The United States chose to create regional surrogates like India, South Korea, Israel, and Taiwan to keep a watch over the US interests in different regions of the world. India was chosen for South Asia due to her size and ability to contain China. In a contrary scenario the US could have forged economic ties through trade and technology support with entire South Asia creating a community of common interests allied to US interests. Such a community of interests of economically interlinked and trade interdependent countries would have acted as a solid monolithic support base for the USA, despite being wooed by regionally proximate powers like China and Russia. The Indo-US strategic alliance contrarily drove a wedge between the estranged neighbours in subcontinent besides pushing an insecure Pakistan pell-mell into Chinese basket. India instead of delivering on its promises of controlling Pakistan and containing China ended up destabilizing Pakistan and accelerating a Chinese move in the region. Now a failed US policy of world dominance through physical interventions and regional surrogates has started backfiring evidenced by a mess in Afghanistan, and unrest in Pakistan.

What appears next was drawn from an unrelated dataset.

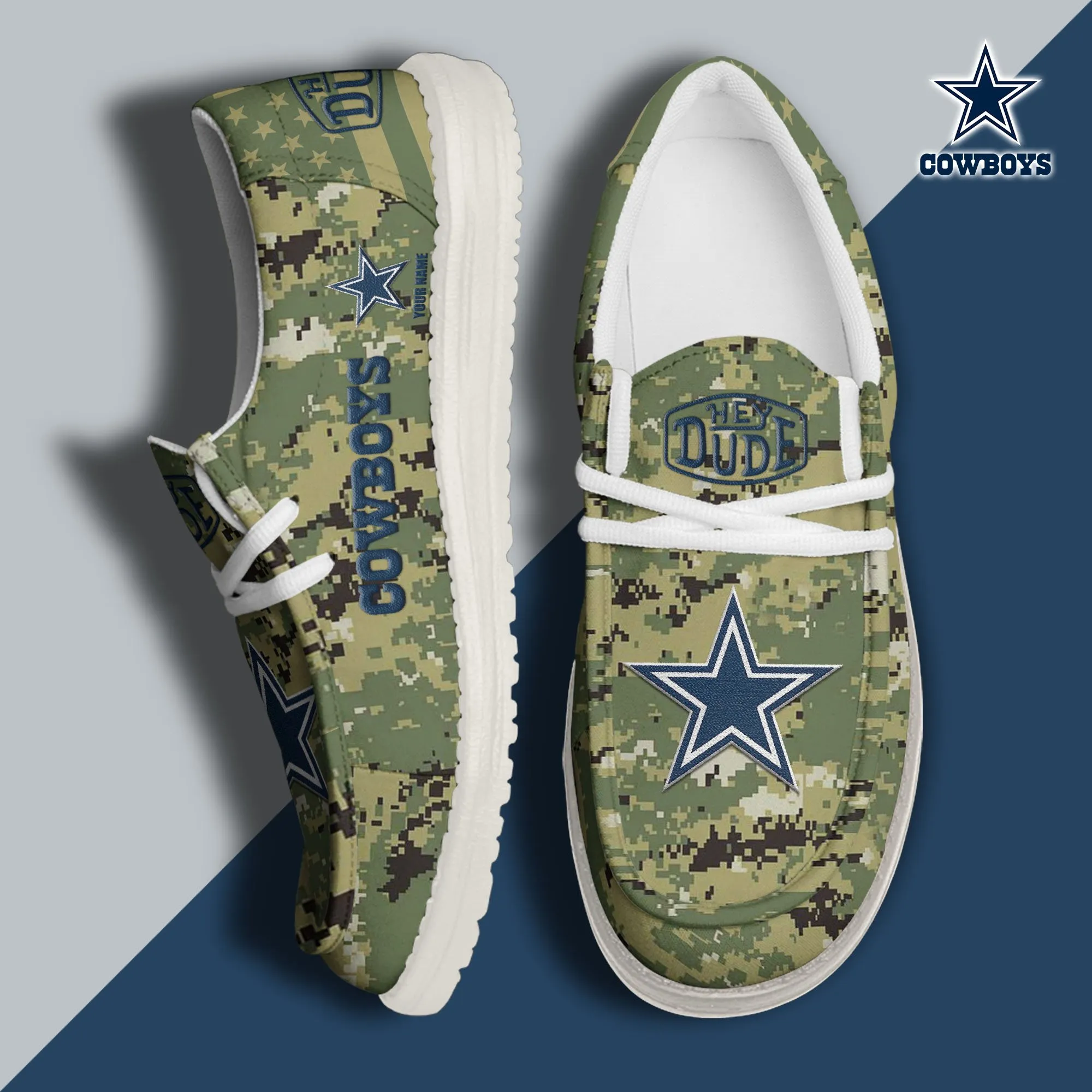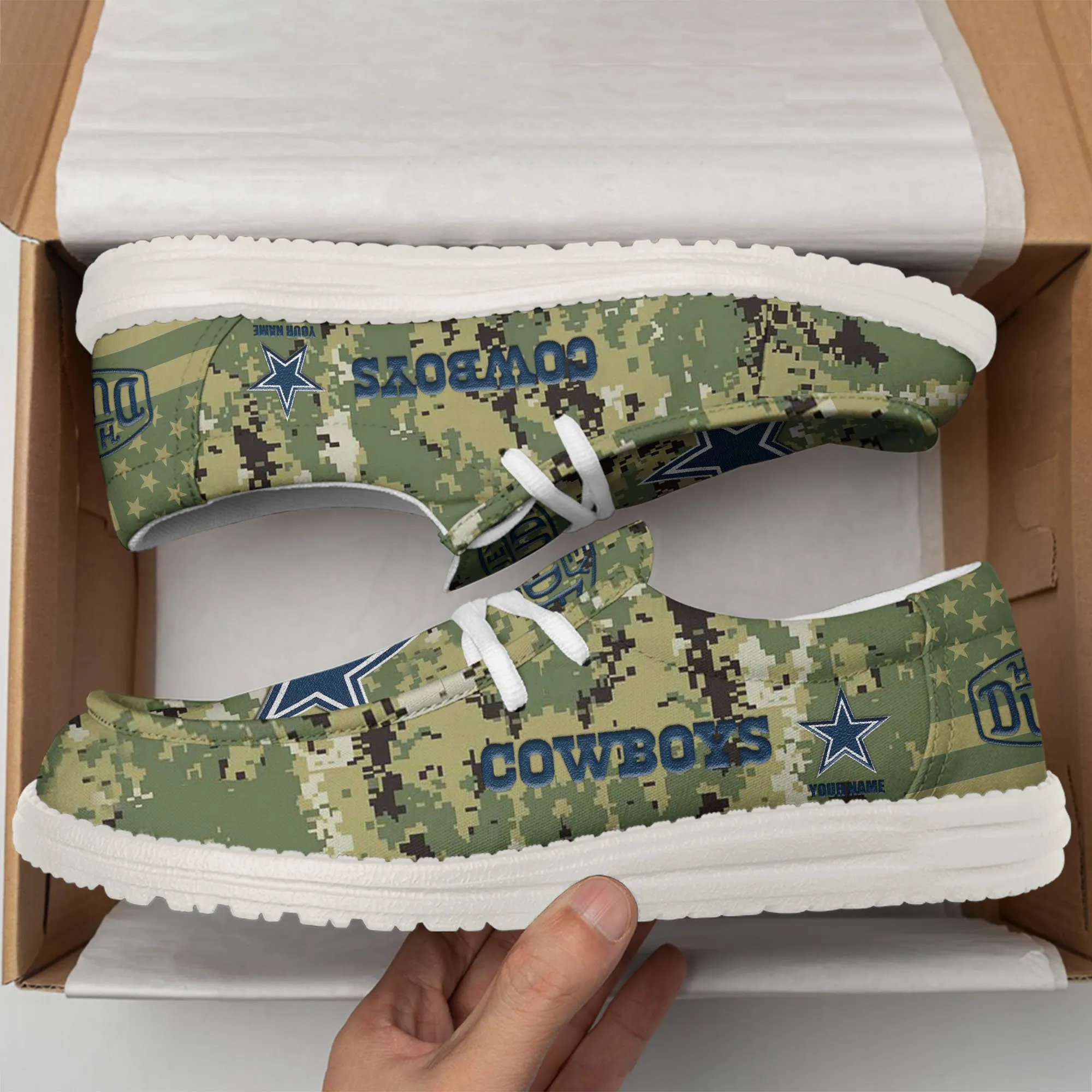 Dallas Cowboys 3D Print Dude Shoes Camo Green For Men Women
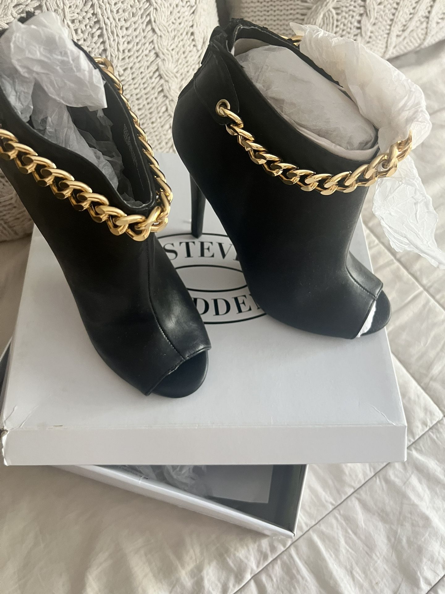 Steve Madden beautiful Shoes. Elevate your style with these chic Steve Madden ankle boots. Featuring a sleek black design and a striking gold chain detail, these peep toe boots are perfect for any occasion. • New in box • Size 8 • Defy Black Color • First $220.00 will take it • Pick up in Lancaster, CA or I can send Nationwide by mail • cross-posted Have a lovely Day!!!

It is in the backdrop of the above bigger picture that the present US peace initiatives in Afghanistan need to be assessed. While the US has correctly assessed the futility of her over militarized Afghan strategy in pursuit of her strategic objectives she has still not give up on the second part of her grand strategy i.e use of regional gendarmes to bully and contain other nations perceived as threats to US designs of global dominance. How much effusive should Pakistan get in her attempts to level the queered pitch in Afghanistan for USA is the moot question that flows logically out of above discussion. What should Pakistan do in an environment under which as per US “regional surrogacy policy” India continues to target Pakistan through a covert war by fomenting insurgencies and promoting terrorism? Ironically India is doing all this under the benign watch of USA from its Afghanistan based consulates that instead of consular work are busy launching militants across the porous Pak-Afghan border.

The US would do well to understand the futility of the self-defeating mirage of the strategic relationship with India and embrace a true “Offshore Balancing” strategy promoting a community of interests based on economic and cultural ties between India and Pakistan. Unless this element of the strategic policy matrix vis-à-vis India and Pakistan is fixed the US attempts for Pakistani facilitation in Afghan peace talks would remain stymied due to Pakistani fixation with Indo-Afghan threats. Pakistan must clearly indicate to the US that while she would not compromise on her CPEC based strategic interests she would go a step further in facilitating a peace deal in Afghanistan in the interests of regional peace and harmony. Only the United States needs to understand that she would not be able to promote peace in Afghanistan by encouraging India to destabilize Pakistan. The United States has a great peace opportunity provided she embraces the regional peace based “Offshore Balancing” strategy instead of regional dominance through surrogates. The last act in the Afghan peace drama might turn into a deadly Tango unless India, Pakistan, and United States decide to base Afghan peace process on a genuine peace foundation between the two estranged sub continental neighbours.